Отступив от него, она посмотрела ему прямо в глаза.
— Нет. Однако, поскольку ты ясно дал понять, что не хочешь видеть меня здесь сегодня ночью, я вернусь в свою спальню, и ты сможешь… — ее взгляд скользнул по его лицу, а затем она отвела глаза, — продолжить выпивать или делать с собой все, что захочешь. Когда твое настроение улучшится, найди меня.

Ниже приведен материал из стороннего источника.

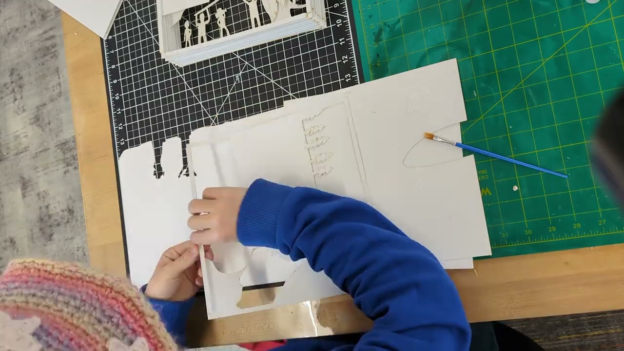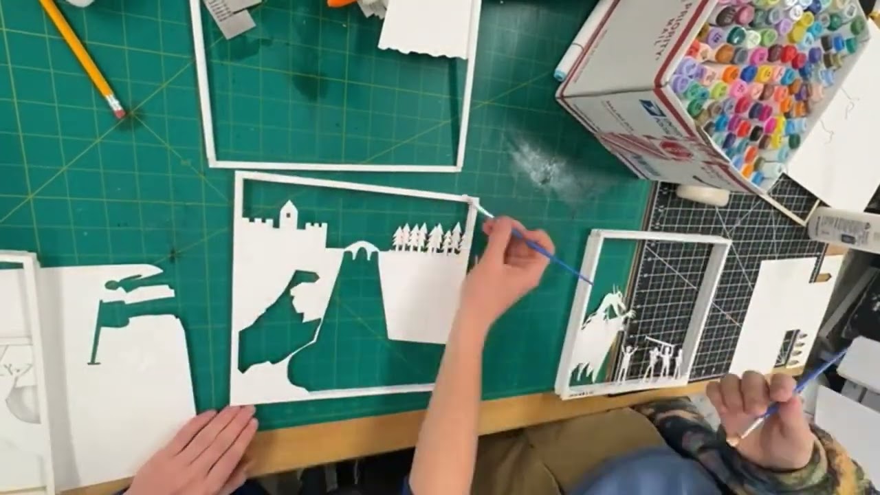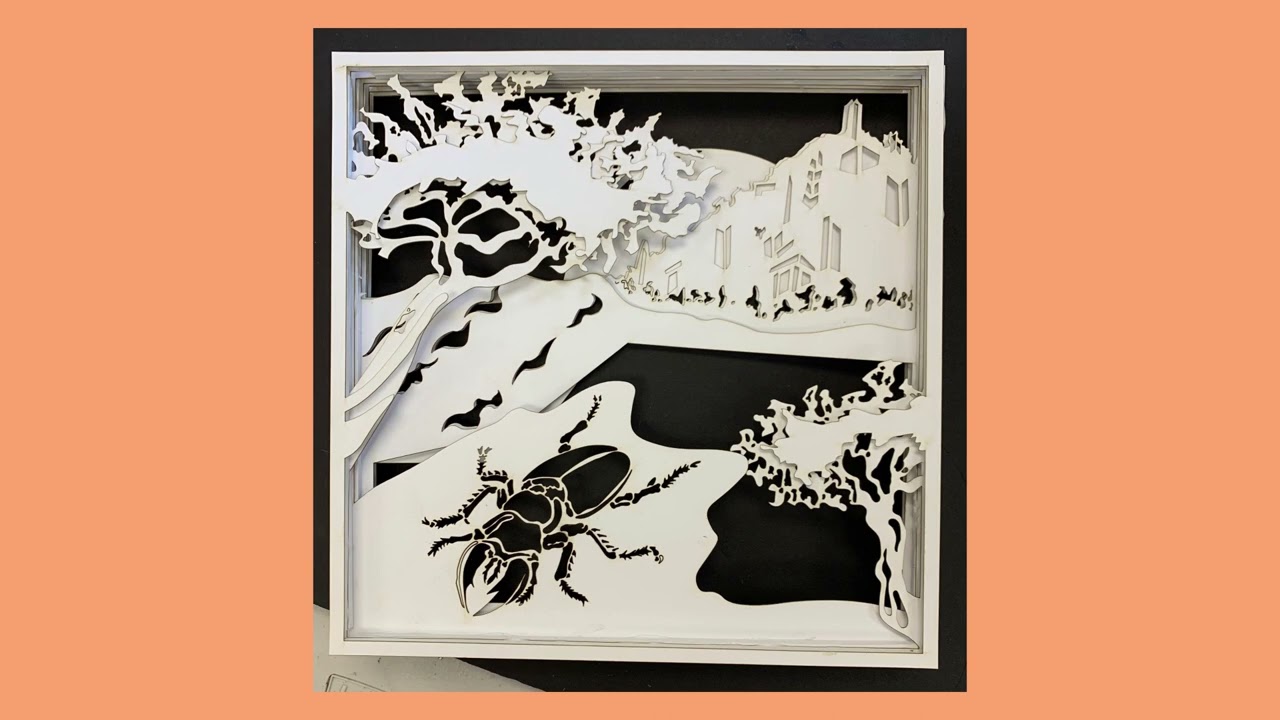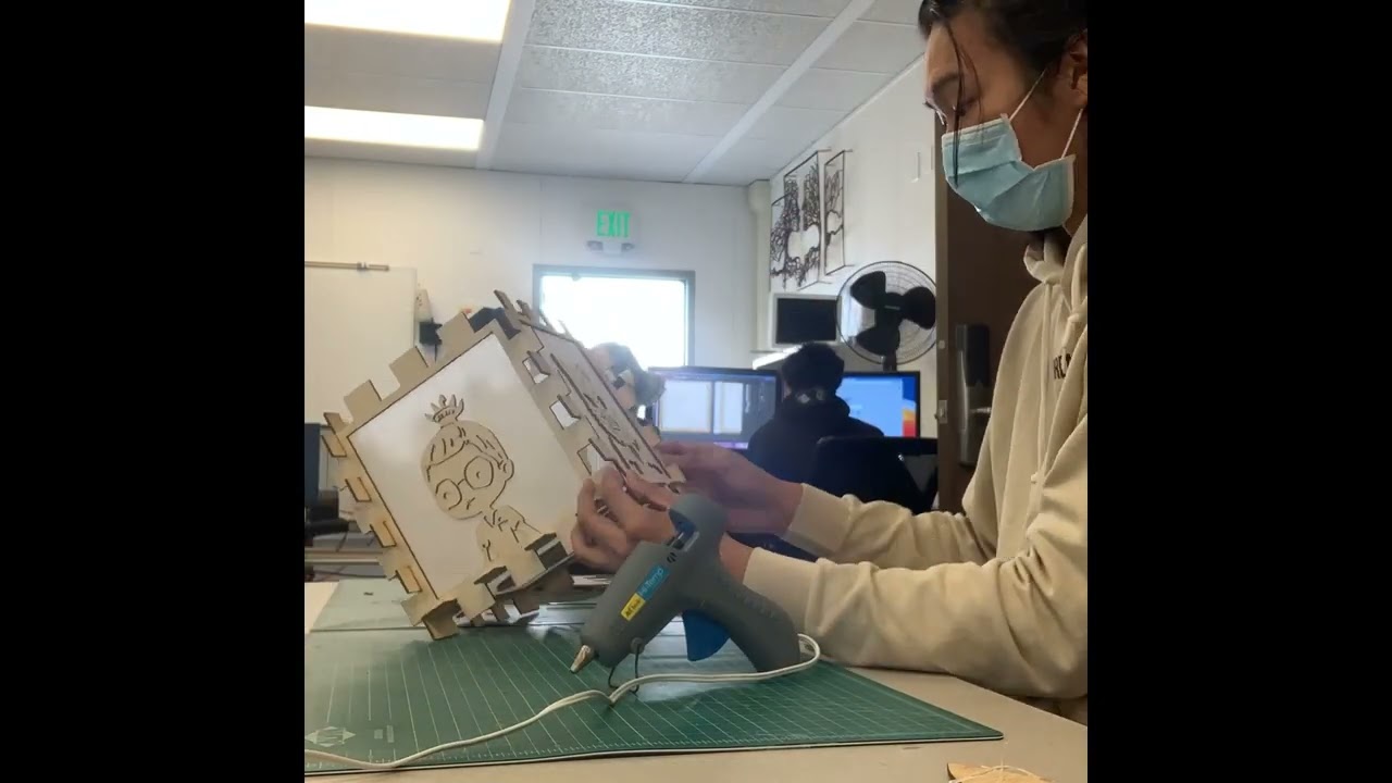 Each project was created with Adobe Illustrator, then laser cut with paper or wood. Each student was tasked to create a time-lapse or accelerated video showing the physical assembly process including electronics for the light box project and ending the video featuring the completed multi-layer art production.

У него участилось сердцебиение. Даже опустошенная болью, которую она испытывала к нему, с полными слез глазами, сжатыми и дрожащими губами она оставалась самой красивой женщиной, которую он когда-либо видел.
И он хотел ее.
Она схватила одеяло и завернулась в него, скрывая пышную красоту своего тела.
— Спокойной ночи, Лео.
— Нет, — сказал он, хватаясь за край одеяла. Воздух между ними был наполнен электричеством. Он потянул ее к себе, и она поддалась, но не сдалась, пламенная и сексуальная, воплощенная фантазия, ставшая реальностью. — Я хочу, чтобы ты осталась.
— Зачем?
Он нуждался в забытьи, в анестезии. Ему нужно было похоронить все эти эмоции, охватившие его. Чтобы раны, нанесенные прошлым, затянулись и зажили навсегда.
Лео небрежно бросил бутылку себе за спину, и она с глухим стуком упала на диван.
— Ты хочешь, чтобы мне стало лучше, да? Ты хочешь быть рядом со мной? Вот почему ты пришла сюда, в мою постель?
Она облизнула губы, и он болезненно напрягся, вспомнив, как она облизывала их однажды ночью. Это было потрясающе — быть рядом с женщиной, которая добивается всего, чего хочет.
Секс с Нехой больше не был просто сексом. Это было что-то большее, что-то не поддающееся определению. Что-то привычное и знакомое. Ничего больше не было просто и легко. И все же он не мог заставить себя отступить.
Если он ожидал, что она отпрянет, то был разочарован. Расправив плечи, не отводя взгляда, она внушала благоговейный трепет, когда ответила:
— Да.
— Тогда поцелуй меня. Ложись со мной в постель. Отдай мне свое тело сегодня ночью.
Высокомерное требование прозвучало в его голосе, и Лео возненавидел себя за то, что произнес, за безрассудную жестокость, на которую, как оказалось, он был способен даже по отношению к единственной женщине, пытавшейся проникнуть в его душу.
Может быть, яблоко все-таки упало недалеко от яблони.
Он приготовился к пощечине. За язвительные слова. За ту ярость, которая, как он видел, закипала в ее глазах.
Одеяло с мягким шелестом упало на пол.
Ее пальцы потянулись к последним трем пуговицам на рубашке. Ни малейшего колебания ни во взгляде, ни в движениях рук. Она повела плечами, ее полная грудь закачалась вверх-вниз, и рубашка соскользнула на пол.
Желание пульсировало в его теле, алкоголь в крови не сдерживал предвкушения, усиливавшего его вожделение.
Бархатная смуглая кожа, соблазнительные изгибы, роскошная грудь, частично прикрытая прядями шелковистых волос, крутые бедра, мягкие округлости живота, длинные ноги… она была богиней, которую он не заслуживал.
Но она вошла в его жизнь, и будь он проклят, если отпустит ее.
— Приносишь себя на жертвенный алтарь, дорогая? — произнес он, понимая, что примет ее, в каком бы качестве и с какими бы мотивами она ни пришла к нему.
Мягкий смех вырвался из этого невероятно сочного рта, в ее глазах заплясал огонь.